Requirement
Look in the listing below for the line that has "Vidaxl Bar Stools", then return it and each following line up to and including the one with "Stock a supply", exactly and without pictures.

Task material
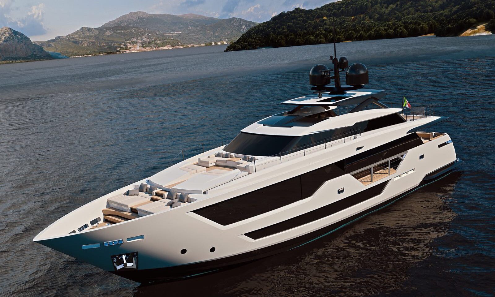 The new yacht has large floor surfaces (a total of 220 m2/2,370 square feet) that are all interconnected. To the stern is a more advanced version of the patented DMT – Dual Mode Transom system. It features two hatches that cover the stairs when the vessel is in motion, thus giving the stern an unbeatably clean-cut appearance. When the ship stops, they disappear into the central part of the door so that guests can climb up. From the garage, a tender of up to 5.45 metres and a three-person jet ski can be lowered into the water.
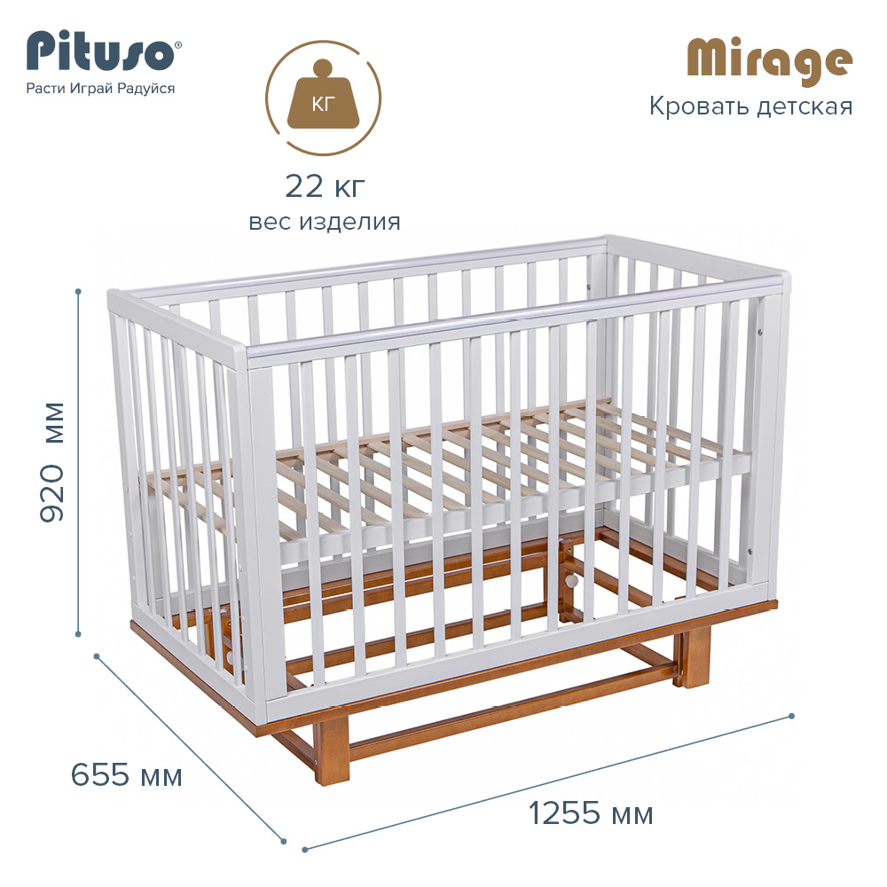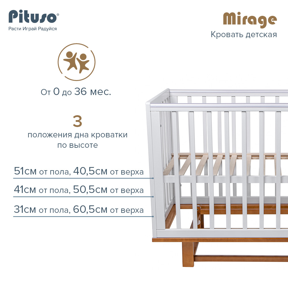 Кровать PITUSO Mirage (Питусо мираж) - красивая, элегантная кровать для ребенка с рождения до 4 лет. Кроватка имеет практичный функционал и очень удобные регулировки. Кровать выполнена из натуральных пород дерева, гарантируя качество и надежность модели. Кроватка имеет регулируемое по высоте спальное ложе 120х60 см. Бортики оснащены силиконовыми накладками, защищающие ребенка во время прорезывания зубов. Когда малыш подрастет передний бортик можно снять, превратив кровать в диванчик. Оптимальное расстояние между узкими рейками гарантирует, что ручки и ножки крохи не застрянут, а скругленные верхние края кроватки защитят от ударов во время сна, отдыха и игр.
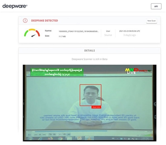 Örneğin, Askeri darbe yaşanan Myanmar’da, hapisteki Başbakan ile ilgili “suçunu itiraf etti” iddiasıyla yayınlanan videonun gerçeği yansıtmayan bir deepfake video olduğu Deepware Scanner tarafından tespit edilmişti.
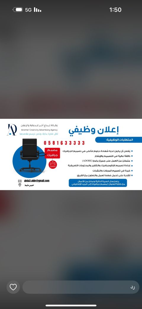 مطلوب مصمم جرافيكس يعمل لدى وكالة دعاية واعلان شهيرة في خميس مشيط
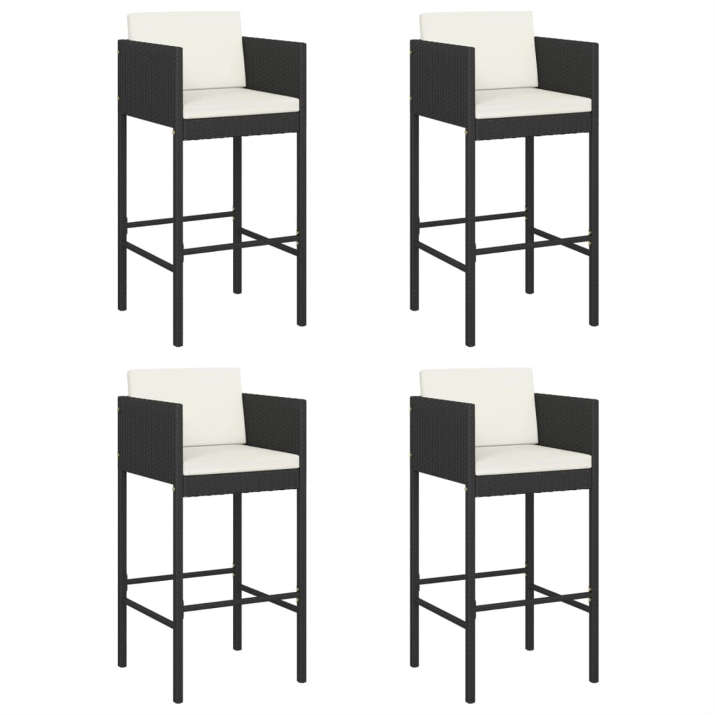 Vidaxl Bar Stools 4 Pcs With Cushions Black Poly Rattan
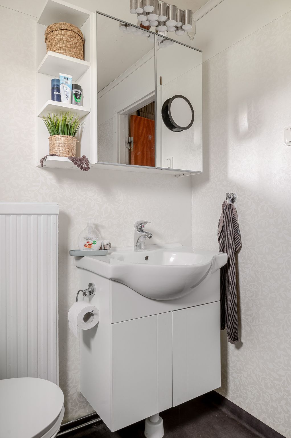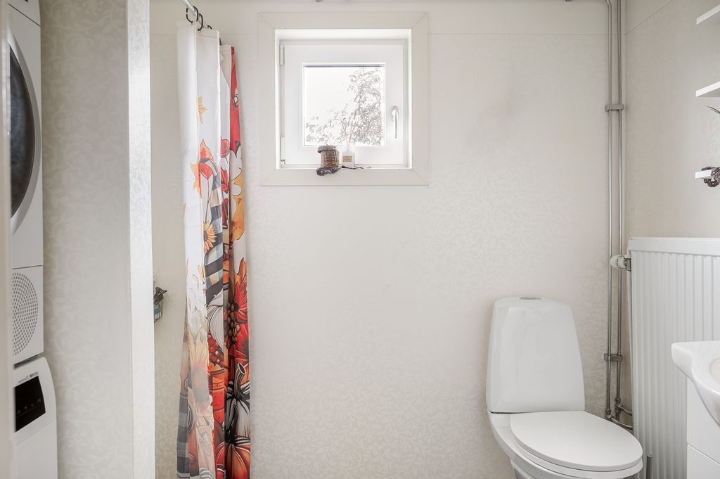 Våtrumsmatta på golv/vägg, tvättmaskin 2025, torktumlare ca 3-4 år, duschkabin, wc-stol, tvättställKök
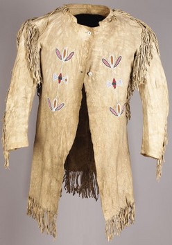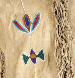 A Crow man's beaded and fringed hide coat, circa 1890, decorated on both sides with highly stylized floral elements, stitched in numerous shades of op... [more detail available via subscription]
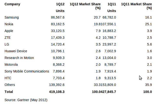 U prvom kvartalu 2012. godine u svijetu je ukupno prodano 419 milijuna mobitela što je 2% manje u odnosu na isto razdoblje prošle godine kada je ta brojka iznosila 427 milijuna. Ovo je prvi zabilježen pad od drugog kartala 2009. godine, na što je najviše utjecala smanjena potražnja u regiji Azija-Pacifik. Kad je raspodjela tržišnog kolača u pitanju iz tabele je vidljivo je da je Samsung preuzeo vodstvo i sada ima udio od 20,7%. Druga je Nokia s 19,8% udjela, a treći Apple sa 7,9%. Četvrti je kineski ZTE s 4,2%, peti LG sa 3,5, a šesti Huawei sa 2,6% udjela na globalnom tržištu. Zanimljivo je da je kanadski RIM sa svojim BlackBerryjima pao na sedmo mjesto s tek 2,4% udjela.
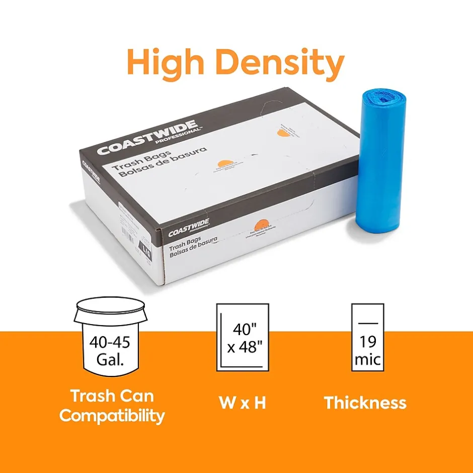 Stock a supply of these liner trash bags to keep your space organized. The 40 to 45-gallon capacity helps you avoid overfilling, keeping your workspace mess-free, while the high-density polyethylene provides good lifting strength. These blue Coastwide Professional™ liner trash bags come in a carton of 200 to meet the demands of big organizations, and the 0.74-mil thickness ensures durability.
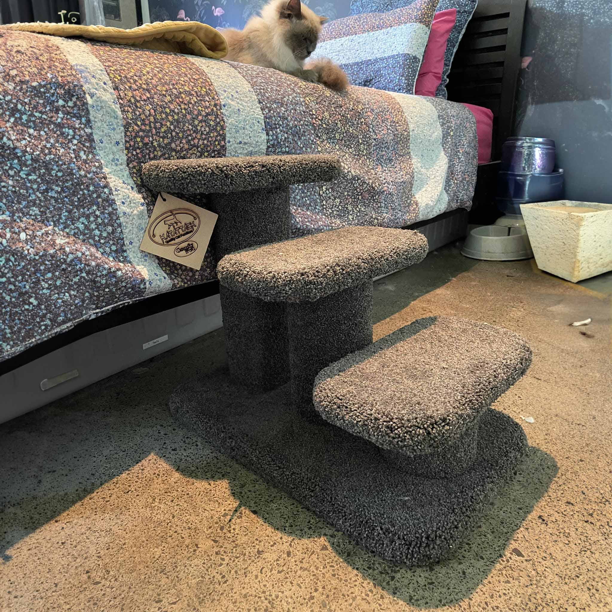 - Introducing the KatAttack Steps V1 (for end of bed) - A perfect solution for senior cats who face difficulties jumping or need a little help getting onto your bed. After all, it's their bed too, and they have full permission to use it. If you need the unit to be slightly higher or lower, just let us know in the cart notes, and we'll tailor it to your feline companion's requirements. Provide your cherished senior cat the support they need with our KatAttack Steps

Expected answer
 Vidaxl Bar Stools 4 Pcs With Cushions Black Poly Rattan
 Våtrumsmatta på golv/vägg, tvättmaskin 2025, torktumlare ca 3-4 år, duschkabin, wc-stol, tvättställKök
 A Crow man's beaded and fringed hide coat, circa 1890, decorated on both sides with highly stylized floral elements, stitched in numerous shades of op... [more detail available via subscription]
 U prvom kvartalu 2012. godine u svijetu je ukupno prodano 419 milijuna mobitela što je 2% manje u odnosu na isto razdoblje prošle godine kada je ta brojka iznosila 427 milijuna. Ovo je prvi zabilježen pad od drugog kartala 2009. godine, na što je najviše utjecala smanjena potražnja u regiji Azija-Pacifik. Kad je raspodjela tržišnog kolača u pitanju iz tabele je vidljivo je da je Samsung preuzeo vodstvo i sada ima udio od 20,7%. Druga je Nokia s 19,8% udjela, a treći Apple sa 7,9%. Četvrti je kineski ZTE s 4,2%, peti LG sa 3,5, a šesti Huawei sa 2,6% udjela na globalnom tržištu. Zanimljivo je da je kanadski RIM sa svojim BlackBerryjima pao na sedmo mjesto s tek 2,4% udjela.
 Stock a supply of these liner trash bags to keep your space organized. The 40 to 45-gallon capacity helps you avoid overfilling, keeping your workspace mess-free, while the high-density polyethylene provides good lifting strength. These blue Coastwide Professional™ liner trash bags come in a carton of 200 to meet the demands of big organizations, and the 0.74-mil thickness ensures durability.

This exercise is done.